++++ Data to examine ++++

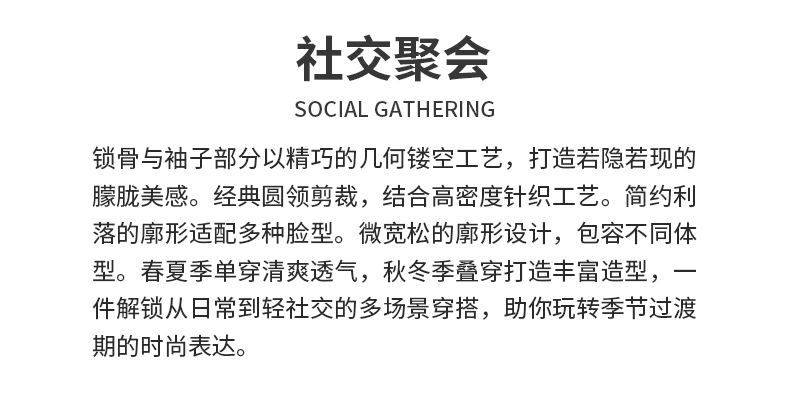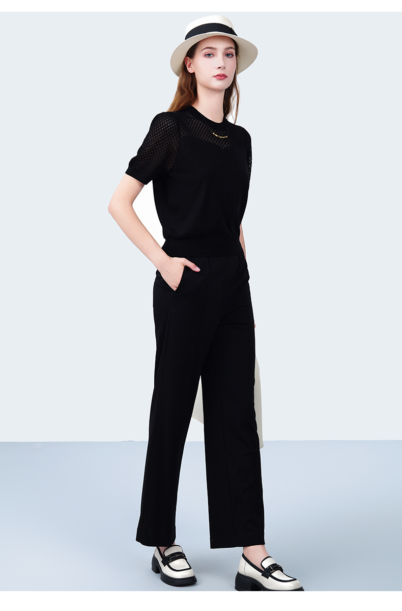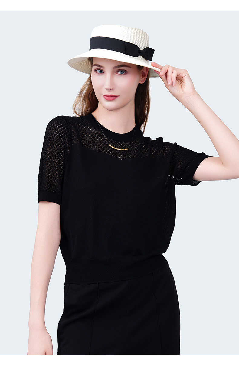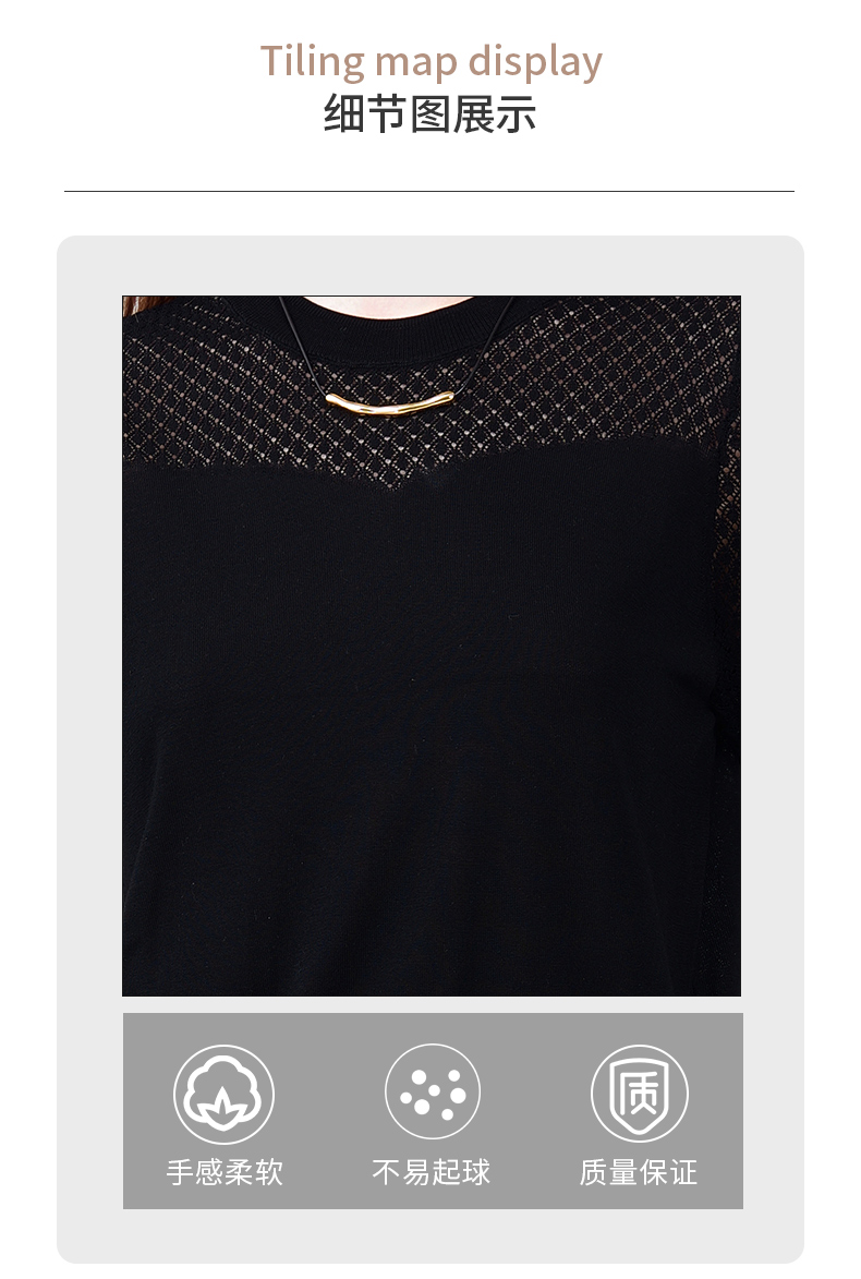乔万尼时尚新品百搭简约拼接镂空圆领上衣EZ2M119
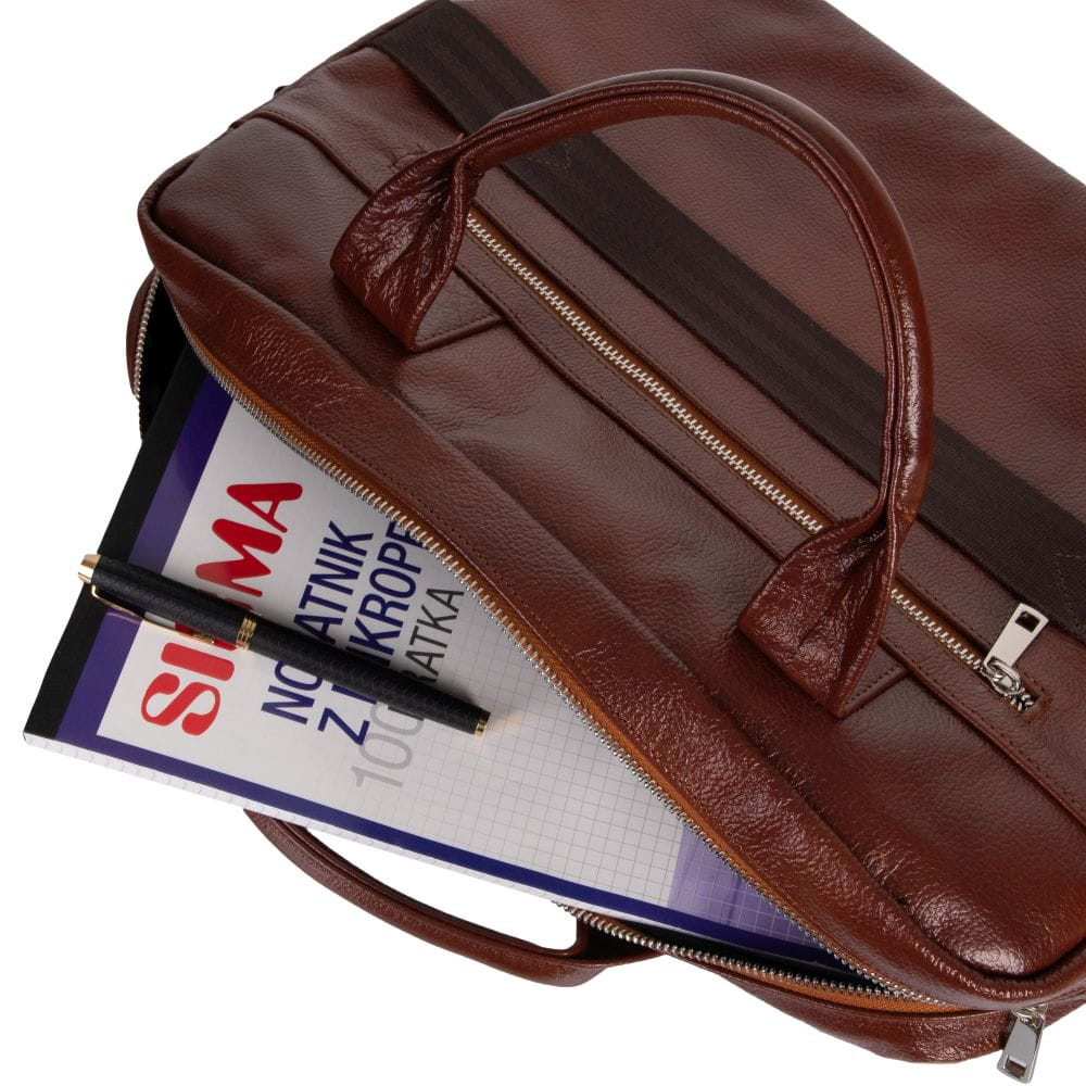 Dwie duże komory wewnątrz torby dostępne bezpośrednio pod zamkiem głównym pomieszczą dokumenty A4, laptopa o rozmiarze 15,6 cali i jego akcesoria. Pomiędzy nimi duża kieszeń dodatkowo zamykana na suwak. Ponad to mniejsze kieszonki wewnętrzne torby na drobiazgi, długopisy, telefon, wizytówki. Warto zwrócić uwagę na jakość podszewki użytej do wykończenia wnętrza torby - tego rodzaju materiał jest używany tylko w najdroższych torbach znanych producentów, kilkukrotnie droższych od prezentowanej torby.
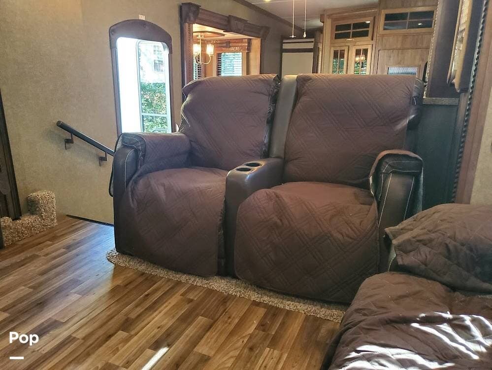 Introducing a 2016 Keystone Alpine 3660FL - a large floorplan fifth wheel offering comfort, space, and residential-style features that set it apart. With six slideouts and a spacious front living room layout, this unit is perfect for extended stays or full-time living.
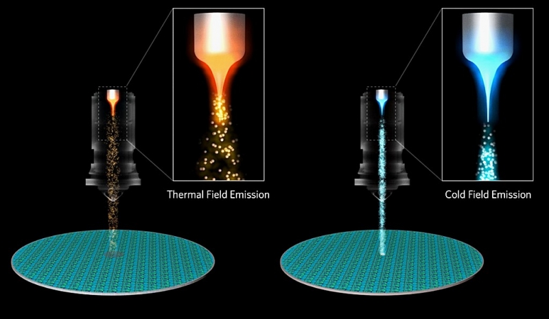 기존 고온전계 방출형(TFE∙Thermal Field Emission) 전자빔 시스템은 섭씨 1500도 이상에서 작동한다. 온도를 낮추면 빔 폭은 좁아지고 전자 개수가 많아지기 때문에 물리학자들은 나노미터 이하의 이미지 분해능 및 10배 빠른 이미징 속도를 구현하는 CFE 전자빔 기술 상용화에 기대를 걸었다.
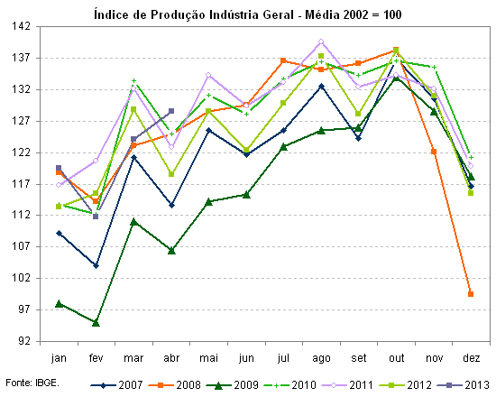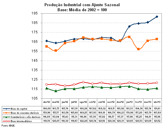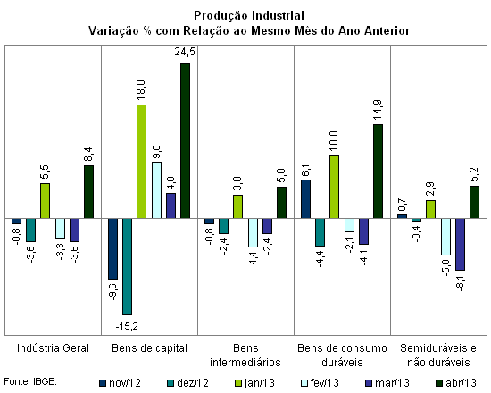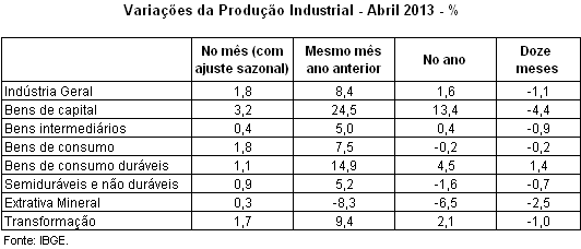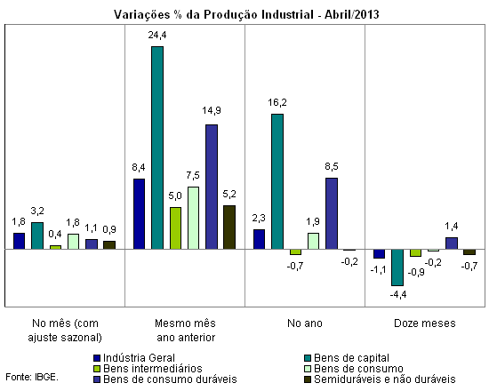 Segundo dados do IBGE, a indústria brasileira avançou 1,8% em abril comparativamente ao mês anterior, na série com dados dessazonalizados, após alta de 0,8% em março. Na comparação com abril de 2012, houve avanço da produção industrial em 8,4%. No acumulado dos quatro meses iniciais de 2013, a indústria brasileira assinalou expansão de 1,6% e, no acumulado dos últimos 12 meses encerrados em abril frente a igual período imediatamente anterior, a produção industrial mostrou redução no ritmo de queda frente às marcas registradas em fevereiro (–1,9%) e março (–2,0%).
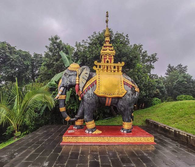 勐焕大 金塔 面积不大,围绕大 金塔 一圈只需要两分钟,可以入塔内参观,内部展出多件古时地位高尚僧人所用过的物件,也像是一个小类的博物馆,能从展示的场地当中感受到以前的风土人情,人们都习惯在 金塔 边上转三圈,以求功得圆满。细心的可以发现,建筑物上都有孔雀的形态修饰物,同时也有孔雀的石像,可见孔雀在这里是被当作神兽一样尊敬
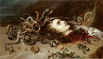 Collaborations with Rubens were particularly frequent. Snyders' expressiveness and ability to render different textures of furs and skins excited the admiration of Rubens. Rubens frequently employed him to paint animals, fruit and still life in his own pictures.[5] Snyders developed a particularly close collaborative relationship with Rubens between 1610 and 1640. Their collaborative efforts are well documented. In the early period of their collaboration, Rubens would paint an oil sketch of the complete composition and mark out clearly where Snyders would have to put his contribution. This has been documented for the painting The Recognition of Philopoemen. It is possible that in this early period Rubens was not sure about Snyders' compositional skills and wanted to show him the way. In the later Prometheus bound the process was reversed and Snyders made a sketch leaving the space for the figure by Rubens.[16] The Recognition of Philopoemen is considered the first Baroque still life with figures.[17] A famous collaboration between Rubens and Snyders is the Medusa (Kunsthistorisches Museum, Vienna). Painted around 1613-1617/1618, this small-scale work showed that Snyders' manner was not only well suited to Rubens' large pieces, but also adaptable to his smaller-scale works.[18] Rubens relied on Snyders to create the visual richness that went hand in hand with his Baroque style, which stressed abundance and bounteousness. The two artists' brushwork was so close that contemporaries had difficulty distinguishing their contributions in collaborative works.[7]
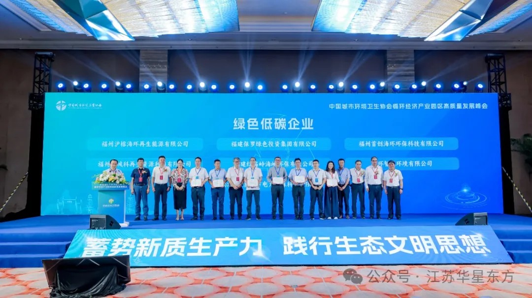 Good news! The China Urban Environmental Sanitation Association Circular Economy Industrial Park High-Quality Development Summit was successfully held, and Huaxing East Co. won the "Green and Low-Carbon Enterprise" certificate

++++

__Your objective__
Leave every image out, and retype the material exactly.

__Response to the exercise__
乔万尼时尚新品百搭简约拼接镂空圆领上衣EZ2M119
 Dwie duże komory wewnątrz torby dostępne bezpośrednio pod zamkiem głównym pomieszczą dokumenty A4, laptopa o rozmiarze 15,6 cali i jego akcesoria. Pomiędzy nimi duża kieszeń dodatkowo zamykana na suwak. Ponad to mniejsze kieszonki wewnętrzne torby na drobiazgi, długopisy, telefon, wizytówki. Warto zwrócić uwagę na jakość podszewki użytej do wykończenia wnętrza torby - tego rodzaju materiał jest używany tylko w najdroższych torbach znanych producentów, kilkukrotnie droższych od prezentowanej torby.
 Introducing a 2016 Keystone Alpine 3660FL - a large floorplan fifth wheel offering comfort, space, and residential-style features that set it apart. With six slideouts and a spacious front living room layout, this unit is perfect for extended stays or full-time living.
 기존 고온전계 방출형(TFE∙Thermal Field Emission) 전자빔 시스템은 섭씨 1500도 이상에서 작동한다. 온도를 낮추면 빔 폭은 좁아지고 전자 개수가 많아지기 때문에 물리학자들은 나노미터 이하의 이미지 분해능 및 10배 빠른 이미징 속도를 구현하는 CFE 전자빔 기술 상용화에 기대를 걸었다.
 Segundo dados do IBGE, a indústria brasileira avançou 1,8% em abril comparativamente ao mês anterior, na série com dados dessazonalizados, após alta de 0,8% em março. Na comparação com abril de 2012, houve avanço da produção industrial em 8,4%. No acumulado dos quatro meses iniciais de 2013, a indústria brasileira assinalou expansão de 1,6% e, no acumulado dos últimos 12 meses encerrados em abril frente a igual período imediatamente anterior, a produção industrial mostrou redução no ritmo de queda frente às marcas registradas em fevereiro (–1,9%) e março (–2,0%).
 勐焕大 金塔 面积不大,围绕大 金塔 一圈只需要两分钟,可以入塔内参观,内部展出多件古时地位高尚僧人所用过的物件,也像是一个小类的博物馆,能从展示的场地当中感受到以前的风土人情,人们都习惯在 金塔 边上转三圈,以求功得圆满。细心的可以发现,建筑物上都有孔雀的形态修饰物,同时也有孔雀的石像,可见孔雀在这里是被当作神兽一样尊敬
 Collaborations with Rubens were particularly frequent. Snyders' expressiveness and ability to render different textures of furs and skins excited the admiration of Rubens. Rubens frequently employed him to paint animals, fruit and still life in his own pictures.[5] Snyders developed a particularly close collaborative relationship with Rubens between 1610 and 1640. Their collaborative efforts are well documented. In the early period of their collaboration, Rubens would paint an oil sketch of the complete composition and mark out clearly where Snyders would have to put his contribution. This has been documented for the painting The Recognition of Philopoemen. It is possible that in this early period Rubens was not sure about Snyders' compositional skills and wanted to show him the way. In the later Prometheus bound the process was reversed and Snyders made a sketch leaving the space for the figure by Rubens.[16] The Recognition of Philopoemen is considered the first Baroque still life with figures.[17] A famous collaboration between Rubens and Snyders is the Medusa (Kunsthistorisches Museum, Vienna). Painted around 1613-1617/1618, this small-scale work showed that Snyders' manner was not only well suited to Rubens' large pieces, but also adaptable to his smaller-scale works.[18] Rubens relied on Snyders to create the visual richness that went hand in hand with his Baroque style, which stressed abundance and bounteousness. The two artists' brushwork was so close that contemporaries had difficulty distinguishing their contributions in collaborative works.[7]
 Good news! The China Urban Environmental Sanitation Association Circular Economy Industrial Park High-Quality Development Summit was successfully held, and Huaxing East Co. won the "Green and Low-Carbon Enterprise" certificate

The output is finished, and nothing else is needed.